Things Are Getting Graphic

A while back, I posted about reading my first graphic novel, Saga.  I really, really enjoyed it and kind of fell in love with the genre too, so I immediately started looking for others to read, since the second Saga collection doesn't come out for a few more weeks from now.  

The first one I read was Persepolis.


Persepolis is an autobiographical novel about a girl growing up in Iran during the Islamic revolution.  It begins when she is a very young but very observant girl, being raised by modern parents who don't necessarily abide by the rules of political Islam.  She is heavily influenced by her free thinking parents and grandmother, and becomes more and more rebellious.  At a particularly dangerous time in the revolution, Marjane's parents send her to Europe to live in Austria, where she becomes an artist, a girlfriend, a drug dealer, an ex-girlfriend, homeless and eventually desperate to return home, which she does.  The novel continues from there, her return to Iran, her difficulty adjusting to the same old regime, struggles with depression, and her eventual life changes.  
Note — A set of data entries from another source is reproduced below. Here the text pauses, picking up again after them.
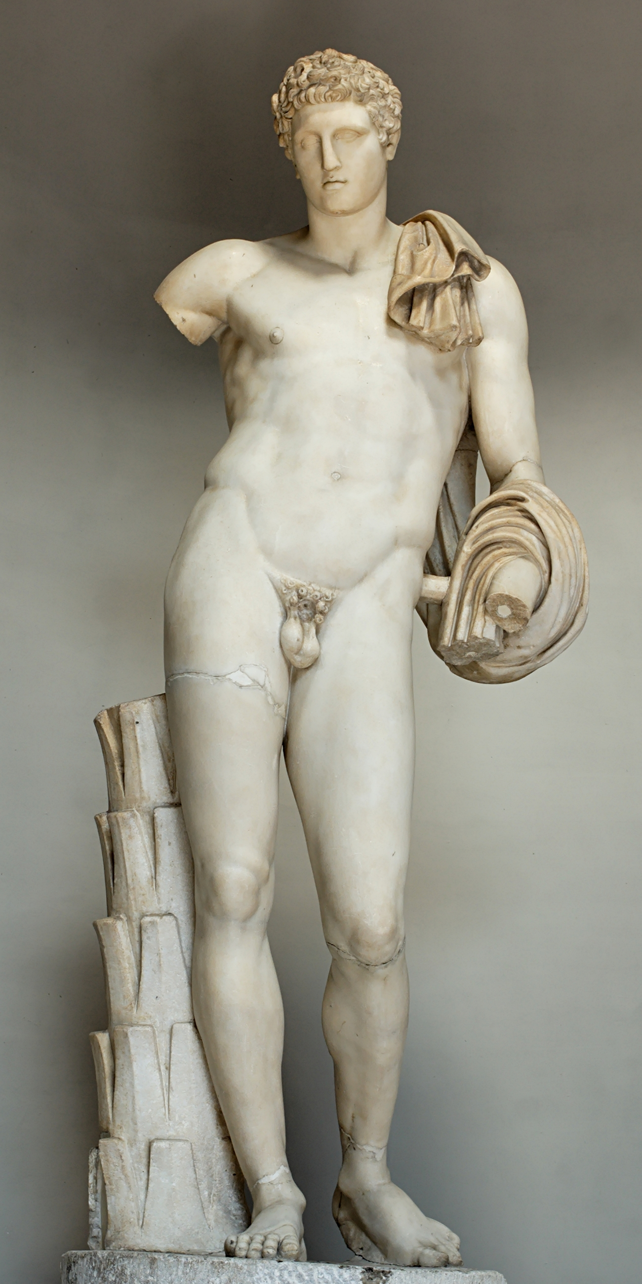 So-called “Belvedere Antinous”, actually a statue of Hermes of the Andros-Farnese type. Marble, Roman artwork, Hadrian's era, copy or a Greek bronze original of the 4th century BC. Found near the castle Sant'Angelo.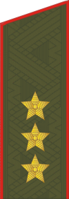 Rank insignia “Colonel general” (OF8) Ground forces/Army – cola strap basic uniform, Russian Armed Forces from 2010 - today).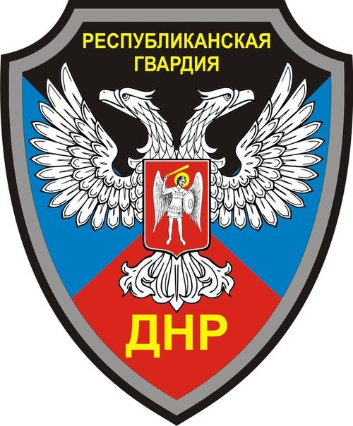 Shoulder sleeve insignia of the DPR Republican Guard, as of 2015.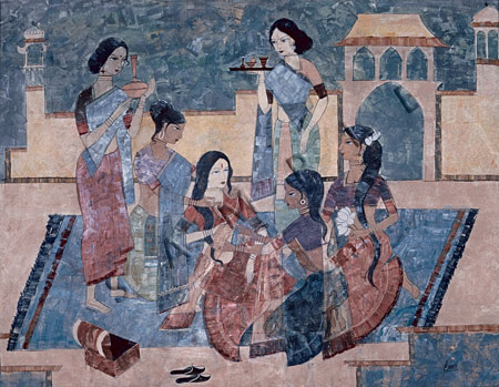 Bride Celebration by Amrit Desai

I found this novel hard to get into at first, but when I did, I couldn't put it down and I loved it.  I loved that I learned so much about life in Iran, especially from the point of view of a modern thinking woman, during some very repressive times in that country.  It made me appreciate how easy we have it here in Canada and the struggles that people have every day in other places.

After I finished Persepolis, I didn't know what to read next, so I dug through BF's collection and narrowed it down to From Hell and The Walking Dead.  When I am stuck between book choices, I usually read the first page of each of the short listed ones and choose the one that makes me immediately want to read page two.  I read the first page of The Walking Dead and didn't even bother with the other.  

BF had the first compendium, a collection of the first 48 issues of TWD.  I read its 1088 intensely dramatic and suspense-filled pages in two sunny afternoon sittings in my backyard.  There were times when I was so on the edge of my seat that I could have fallen and injured myself!  I love the show, but the books are so different, so much more powerful, the characters so much farther developed, that I just got sucked right in.  I can only imagine, if I'd been reading it in public, how funny I must have looked at times, eyes bugging out of my head, gasping in shock, biting my lip, laughing out loud, tearing up and every few minutes, exhaling like I'd just run a marathon.  Read it, friends, you won't be sorry.

Well just today, I finished the second compendium, issues 49-96, after another couple of afternoon sittings.  I defy anyone to try getting anything done if you have these books in your lap!

  
Many of the same characters return, and many new ones are introduced.  Like in the first collection, mad things happen, tensions run high, people die, people save the day and so on.  I read this one just as quickly because the characters, the situations are all very compelling, but I have to say, I thought the first part was better.  Only a couple times did I sit at the edge of my seat, eyebrows raised and teeth chattering.  Many, many characters were introduced in this part, and some seemed superfluous and don't play much of a part in the future; in fact some seem to simply dwindle off, and there are some story lines that seem almost like filler.

Nonetheless, I LOVED this series.  The first compendium came out in 2009, the second in 2012, so I guess from here I either start reading them as issues, or suffer through three or four years of waiting for the next one!  

In the meantime, friends, what should I read next?  Your suggestions are most welcome!